Dance Students Get a Taste of Cuban Culture
Posted: September 19, 2011 at 1:03 am, Last Updated: September 16, 2011 at 5:01 pm
On the streets of American cities, it would be quite a sight to see a group of people dancing away to the sounds of a nearby band. In many parts of Cuba, where music and dance are one and the same, this is just a typical occurrence.
Several Mason students recently experienced this lively culture when they visited three eastern Cuban cities: Santiago de Cuba, Guantánamo and Baracoa. Led by Jim Lepore, a professor in Mason’s School of Dance, 16 students — five Mason dance majors, seven Mason general education students and four students from other universities — participated.
The trip, which took place June 24 through July 5, was one of the first academic trips to Cuba since former President George W. Bush restricted certain types of travel to the country in 2004. Earlier this year, President Barack Obama lifted many of those travel restrictions.
“Cuba is one of the few places you can visit where music and dance are part of the people’s everyday lives,” says Lepore, an avid lover of Cuban culture. “Although they don’t have a lot of personal belongings, they see their culture as their inheritance and they make every effort to preserve it.”
During the 11-day trip, the students spent most of their time dancing, either in a formal classroom setting or informally on the city streets. It wasn’t uncommon, notes Lepore, to encounter either a large group of people or simply two or three people dancing in the streets at some point during the day.

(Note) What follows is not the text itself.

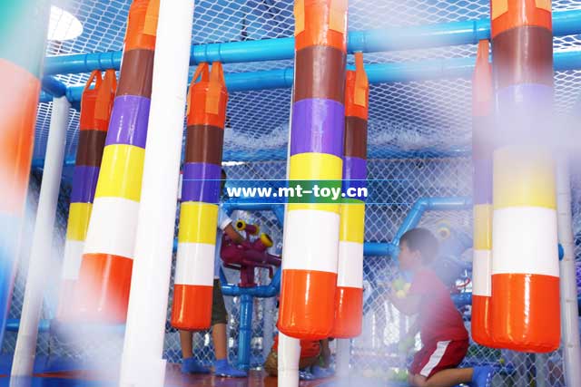 充满贵族气息的紫色大面积渲染,在紫色中融入活跃的黄色做点缀,营造了一种醒目、愉悦氛围,整个搭配现代,时尚,大气而又简洁,体现了该淘气堡的“高、大、尚”

“This experience was truly life changing,” says Rachel Klein, a junior dance major. “As a passionate dancer, for me the best part of the trip was learning different dances in the classroom and then having the opportunity to use the things we learned every night when we would go out dancing.”
To understand Cuban music and dance, however, one must understand the rich cultural traditions of this Caribbean country.

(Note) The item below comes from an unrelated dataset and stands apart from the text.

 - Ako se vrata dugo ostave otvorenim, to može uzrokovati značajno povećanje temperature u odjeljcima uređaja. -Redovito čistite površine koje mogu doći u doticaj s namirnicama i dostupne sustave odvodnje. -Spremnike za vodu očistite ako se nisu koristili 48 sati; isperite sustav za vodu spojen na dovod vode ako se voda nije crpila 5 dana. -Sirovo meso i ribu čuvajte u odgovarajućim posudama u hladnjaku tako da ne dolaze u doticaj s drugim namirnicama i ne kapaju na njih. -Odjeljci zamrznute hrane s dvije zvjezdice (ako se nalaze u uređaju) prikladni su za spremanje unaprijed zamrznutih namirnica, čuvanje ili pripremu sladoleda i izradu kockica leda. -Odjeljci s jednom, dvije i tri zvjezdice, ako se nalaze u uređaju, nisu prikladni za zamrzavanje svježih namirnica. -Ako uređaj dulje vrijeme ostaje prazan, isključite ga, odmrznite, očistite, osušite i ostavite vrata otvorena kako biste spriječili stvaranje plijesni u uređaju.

The Cuban music and dance that is prevalent throughout the country today dates back to the late 19th century when large numbers of African slaves and European immigrants brought their own diverse cultures to the island.
The fusion of these different traditions resulted in what is the dominant influence found in the country today — Afro-Cuban. In fact, Afro-Cuban traditions can be traced back to specific ethnic groups in Africa.
To learn more about the music and dance that reflects the Afro-Cuban heritage, the students worked with two dance companies during their visit: Ballet Folklórico Cutumba in Santiago de Cuba and Babul Folkloric Ballet in Guantánamo. Much of the musical-dance heritage of the country, they learned, is steeped in religious and folkloric traditions.
In daily lessons with the companies, students were introduced to popular dance, music and song ranging from gagá to rumba to son (also known as salsa). Choreography was filled with distinctive steps and rhythms, and sensuous movements.
According to Lepore, the Cuban dance style is very different from ballet and modern dance. There is more fluidity in the torso, movements are kept close to the body, and the music and rhythm go hand-in-hand.
“It’s intended to put you into a trance so you’re one with the music,” he says.
The students also worked with several Cuban musicians on call and response techniques, which are used extensively in religious Cuban music. A call and response is a succession of two distinct phrases, usually played by different musicians, where the second phrase is heard as a direct response to the first.
“Being in Cuba was like stepping into a brilliant story about a magical people living in a strange magical land,” says Lynn Poe, a junior dance major. “This trip excited me about taking future cultural expeditions where I can experience how music and dance are woven into the tapestry of our global cultural history.”
Lepore plans to take another group of students to Cuba in January 2012.